When your land line telephone service goes wonky on you -- no dial tone, noise, whatever -- you want to be certain that it's the telephone company's fault before you call them for service. The best, quickest way to make sure is to disconnect the phone company's wire pair from your dwelling, and connect a known-good telephone set directly to the company's phone line. If the problem persists with that arrangement, you know that it's the phone company's problem, and you can call them for service without fear of being dinged for a hefty service charge.
You'll need to get at the telephone line connection box on the outside of your house. Here's a view of mine; it's at the side of the house under the carport.

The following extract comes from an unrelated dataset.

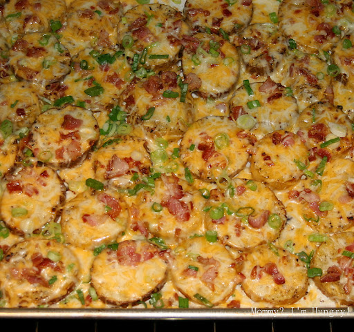 When potatoes are ready, top with bacon, cheese, and green onion; continue baking until the cheese has melted (I just turned the oven off and let the heat melt it all). Serve with sour cream if desired.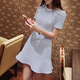 2017新款韩版女装娃娃领短袖大码宽松A字裙子夏季中长款连衣裙女

That's an ancient Northern Telecom rig. To open it, you force the cover's sides outward slightly at the bottom, then slide the cover off upward. And here's a view of the box's innards.
The phone line connections will be obvious. A 3/8" nutdriver is needed for the terminals shown in the above photo. Undo the connections to free the phone company's two wires from the house. Then all you need is a rig like this.
Just a regular phone jack box with the cover removed, and two alligator clip leads. Connect the free ends of the test leads to the phone company's wires, plug in your phone set and see what you get. If you get a normal dial tone instead of whatever symptom you were experiencing, then you know that the trouble is in your house's phone wiring, or in a piece of equipment that you have connected inside. If you get the same symptom that you had before, you know that the trouble is with the phone company, and you can confidently call them and tell them so.